Nach über einem Jahr emsiger Suche mussten der BND und der Verfassungsschutz Anfang Februar eingestehen, keine Beweise für die Einmischung Russlands in den deutschen Wahlkampf gefunden zu haben. „Wir hätten gerne die gelbe Karte gezogen“, zitiert die Süddeutsche Zeitung einen involvierten Sicherheitsexperten. Von den ursprünglichen Plänen, das fünfzigseitige Geheimdienstpapier öffentlich zu machen, sei mangels Beweisen abgesehen worden. Dessen ungeachtet gab das Bundeskanzleramt die weitere Untersuchung der vermeintlichen russischen Einflussnahme in Auftrag - das Thema kann so öffentlichkeitswirksam am Köcheln gehalten werden. Schützenhilfe dabei leistete Ende März der US-Senat, dessen Geheimdienstausschuss vor einem „möglichen russischen Einfluss“ auf die Bundestagswahl warnte. Belege dafür blieb man der Öffentlichkeit wieder einmal schuldig. Sergej Lawrow trägt die ganze Angelegenheit mit ironischer Gelassenheit. Noch vor Kurzem sei Russland von Präsident Obama als „Regionalmacht“ bezeichnet worden, und nun dirigiere Moskau angeblich die US- Wahl - so äußerte sich der russische Außenminister in einem CNN-Interview zu den Vorwürfen.Diese seien zwar mit „keinem einzelnen Fakt“ belegt worden, aber „die Aufmerksamkeit, die man uns widmet, ist natürlich schmeichelhaft“.

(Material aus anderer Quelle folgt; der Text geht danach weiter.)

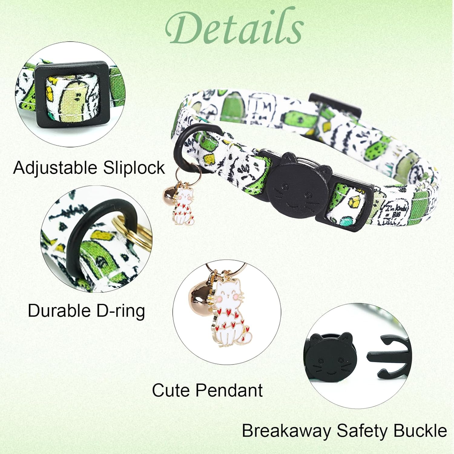 • Safety Breakaway Buckle: Quick-release mechanism prevents accidental choking or snagging.

Offensichtlich haben Gniffke und Co bis heute nicht begriffen, dass der hier zitierte Beitrag im "Hintergrund" dem Standard entspricht, den man eigentlich vom öffentlich-rechtlichen Rundfunk erwarten müsste. Aber Journalismus strengt an, Hetzen ist bequemer.

Wir sehen trotz der Einlassung Gniffkes weiterhin einen Verstoß gegen die Programmrichtlinien.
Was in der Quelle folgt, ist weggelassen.